ASSIGNMENT = When you transcribe the entries below, begin at their first line and stop after the line containing "Eslovenia adquiere cada"; pictures stay out.

EXCERPTED RECORDS =
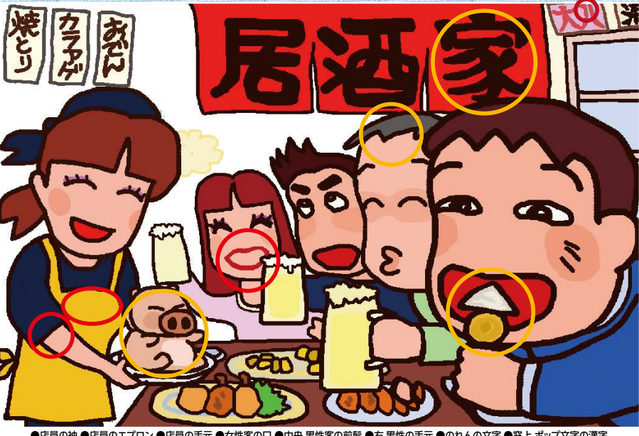
●店員の袖 ●店員のエプロン ●店員の手元 ●女性客の口 ●中央 男性客の前髪 ●右 男性の手元 ●のれんの文字 ●窓上 ポップ文字の漢字
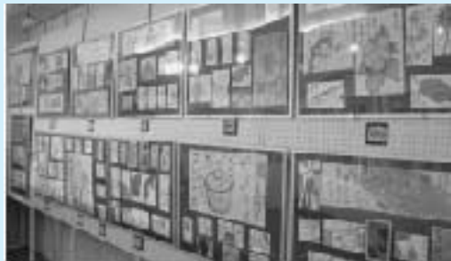
↑ 絵手紙 (北浦)

北浦文化会館を始め、各所で文化祭が開催され、作品展示や発表会が行われました。訪れた方々からは「すばらしい！」との感嘆の声があがっていました。
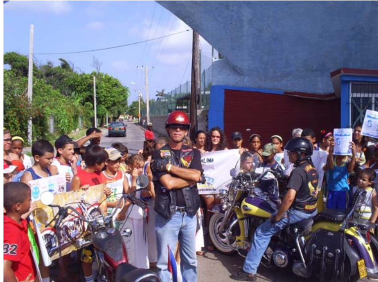
Bienvenida a los participantes por el oficial del medio ambiente
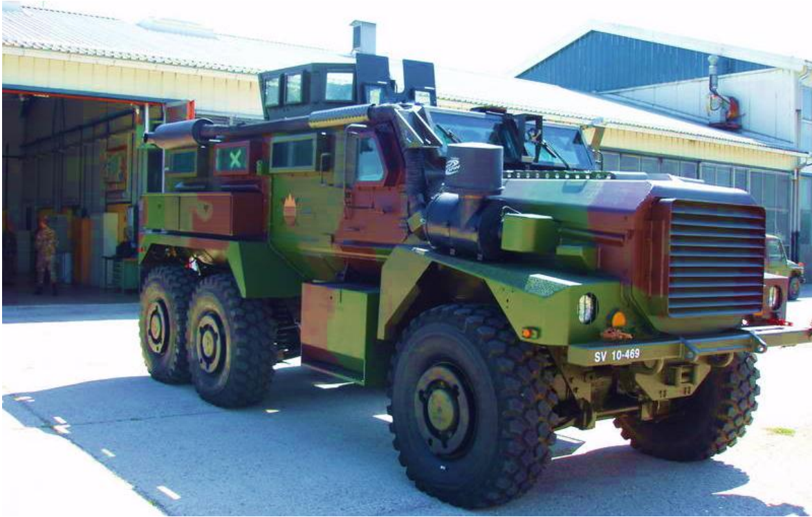
Eslovenia adquiere cada vez más vehículos con protección contra minas y explosivos improvisados.
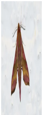
[lexicon='Kleiner Weinschwärmer'; '"] [lexicon='Deilephila porcellus'; '"]

Einsteiger können diesen mittelgroßen Schwärmer mit dem Kleinen Weinschwärmer [lexicon='Deilephila porcellus'; '"] verwechseln, dessen Vorderflügel aber deutlich rosa umrandet sind.
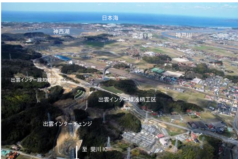
平成21年3月15日現在の出雲インター線周辺の様子

また、左の写真は出雲IC周辺を空から見た様子です。インターチェンジへのアクセス道となる一般県道出雲インター線の整備も開通に向けて、出雲県土整備事務所により進められています。
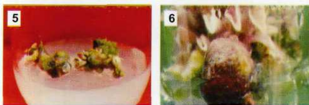
Foto 5 dan 6. Pembentukan umbi mikro.
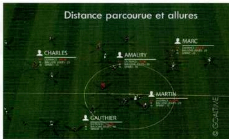
Distance parcourue et allures
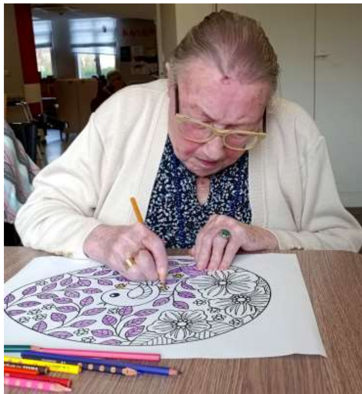
Mandala de Pâques
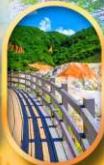
โนโบริเบทสึ
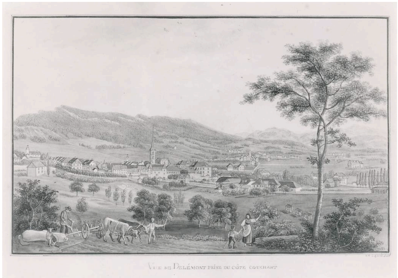
Vue de Delémont prise du côté couchant, par D. A. Schmid (environ 1840)

Bulletin du Cercle généalogique de l'ancien Evêché de Bâle
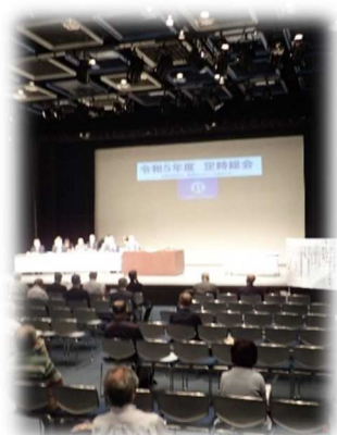
兵庫県阪神北県民局長 宮口 美範
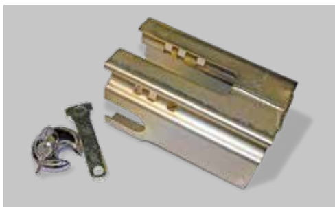
Metall-Absperrschuh mit Schloss
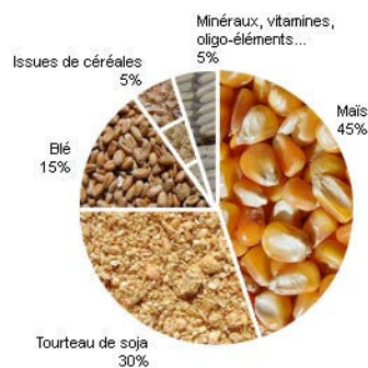
FIGURE 1.2.1: Un exemple d'aliment

Actuellement, les formules sont élaborées de façon à ce que le produit fini soit directement issu du mélange de matières premières. Chaque matière première a des caractéristiques particulières, comme un certain taux de glucide, de lipide, etc. Ces caractéristiques sont transmises linéairement aux mélanges. Une recette est généralement exprimée en pourcentages qui représentent les taux d'incorporation des matières premières qui sont mélangées. Un exemple est donné dans la Figure 1.2.1.
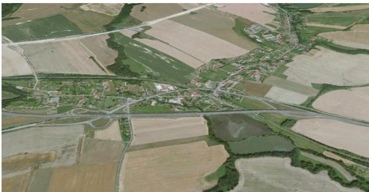
Obrázek č. 6 Obchvat obce Běloutín [23]

Základním předpokladem, aby se na této křižovatce omezily dopravní nehody, bylo omezení intenzity provozu v prostoru kritické křižovatky. V návaznosti na tuto myšlenku byl vybudován obchvat obce Běloutín. Jelikož je obec Běloutín situována do údolí, je její obchvat řešen mostem dlouhým 580 m, který vede i přes železniční trať a rybník. Obchvat je součástí rychlostní komunikace R 48, který slouží nejen pro odlehčení dopravy v obci Běloutín, ale i jako přivaděč na dálnici D1. Součástí mostu je i protihluková zeď, která je po celé jeho délce.
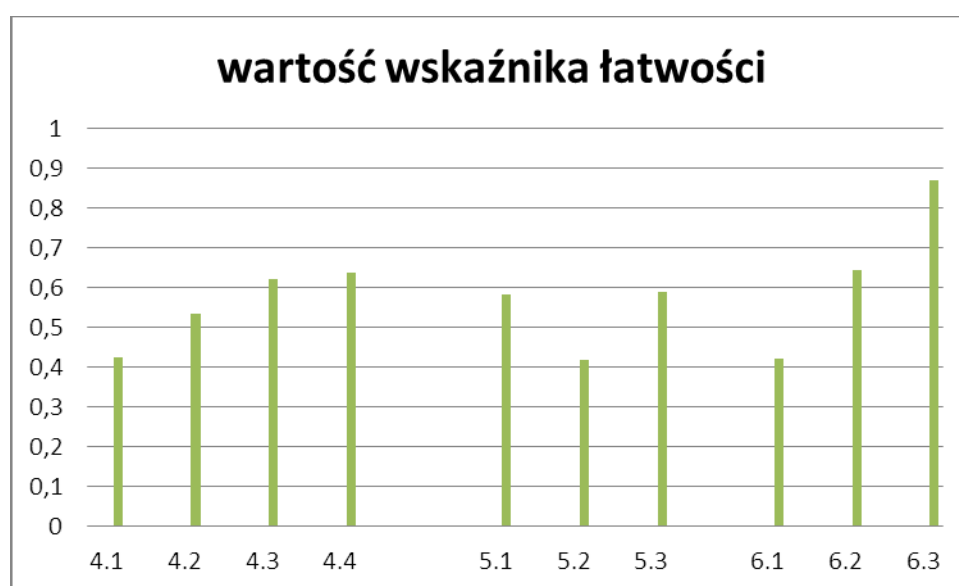
Wykres 3. Wartości wskaźnika łatwości zdaniach sprawdzających znajomość funkcji językowych

Najłatwiejsze z danej umiejętności okazało się zadanie 6.3., zaś najtrudniejsze zadania 4.1., 5.2. i 6.1.
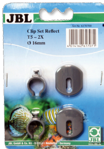
JBL SOLAR REFLECT Clip Set Halterung für Leuchtstoffröhren
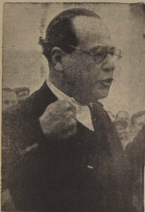
Don Juan Negrín, Presidente del Consejo de Ministros de la República.

A la República Española y a Chile, país de hombres libres y "ASILO CONTRA LA OPRESION"
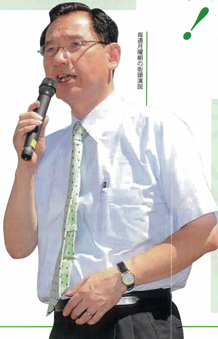
毎週月曜朝の街頭演説
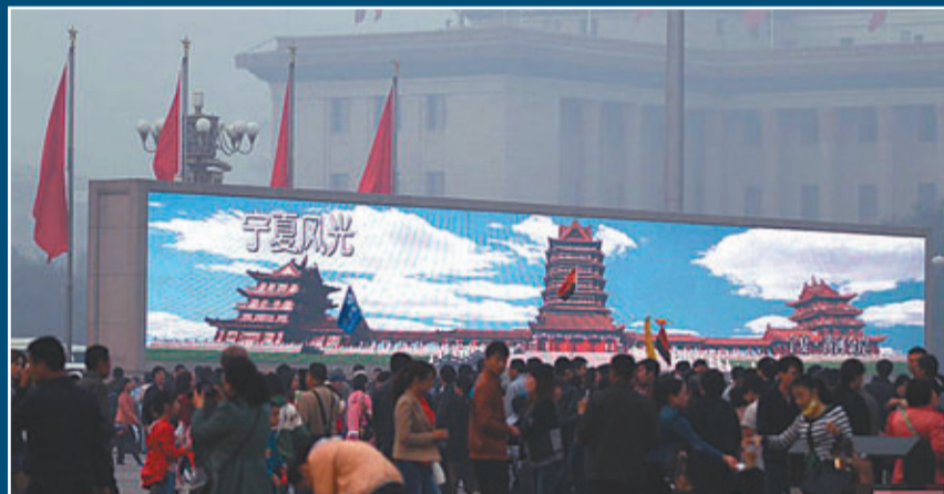
天安門的景致也被霧霾掩蓋。

另外，據央視報道，昨日早上京哈高速興城段出現大霧，瀋陽方向395公里處發生多輛車連環追尾事故，傷亡人數正在統計，事故導致堵車超10公里。事故路段相反方向也發生4車連撞，有人員受傷。
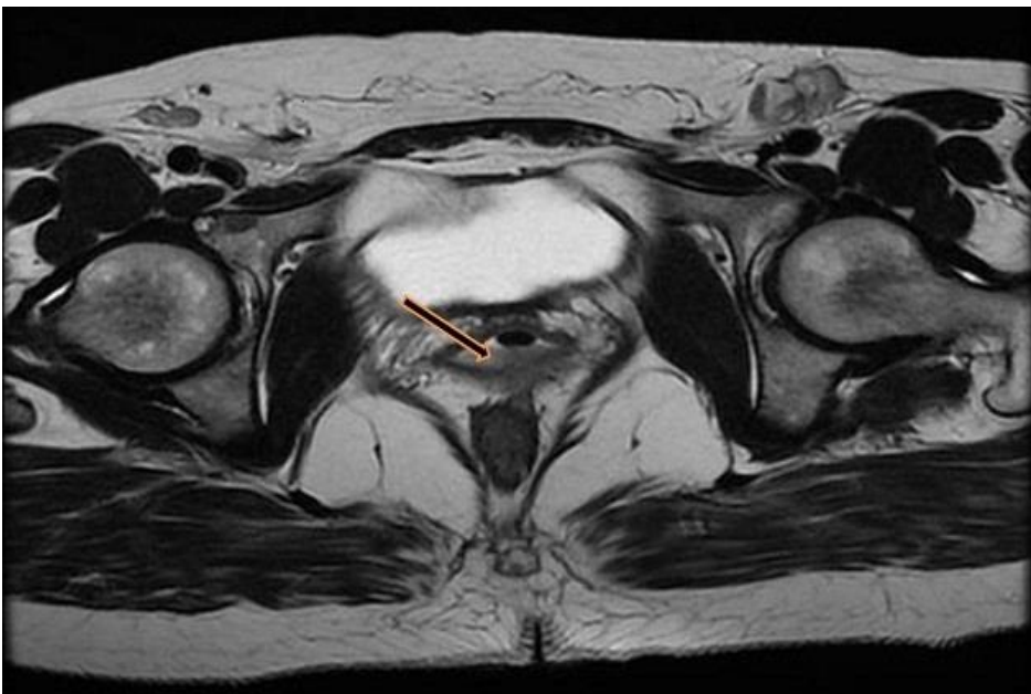
Figure 2: IRM pelvienne montrant une lésion de la paroi postéro-latérale gauche du vagin (flèche) envahissant la cloison recto-vaginale
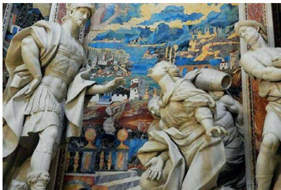
FIGURA 8 Storie di David , “teatro” della zona presbiterale. Chiesa del Gesù di Casa Professa, Palermo (con autorizzazione del F.E.C.).

ai Misteri gaudiosi ed alla II settimana di Esercizi spirituali; nella navata di sinistra (lato S. Ignazio), invece, gli affreschi mostrano episodi della Passione, in accordo ai Misteri dolorosi ed alla III settimana di Esercizi. Anche l'apparato scultoreo di angeli e trionfi fitomorfi si accorda con i temi pittorici, lieti o tristi.
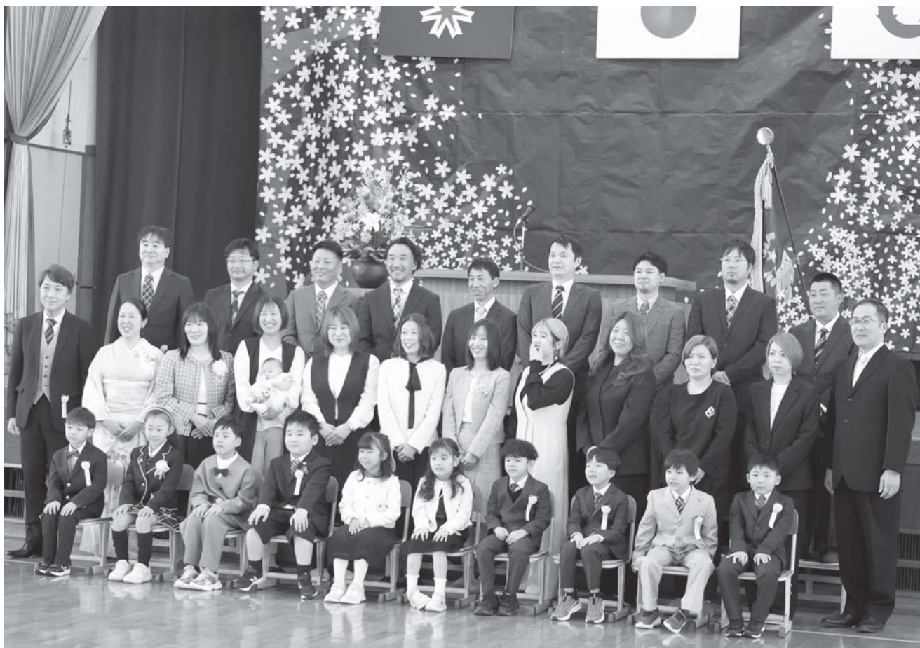
▲妹背牛小学校入学式

RESPONSE TO THE EXERCISE =
●店員の袖 ●店員のエプロン ●店員の手元 ●女性客の口 ●中央 男性客の前髪 ●右 男性の手元 ●のれんの文字 ●窓上 ポップ文字の漢字
↑ 絵手紙 (北浦)

北浦文化会館を始め、各所で文化祭が開催され、作品展示や発表会が行われました。訪れた方々からは「すばらしい！」との感嘆の声があがっていました。
Bienvenida a los participantes por el oficial del medio ambiente
Eslovenia adquiere cada vez más vehículos con protección contra minas y explosivos improvisados.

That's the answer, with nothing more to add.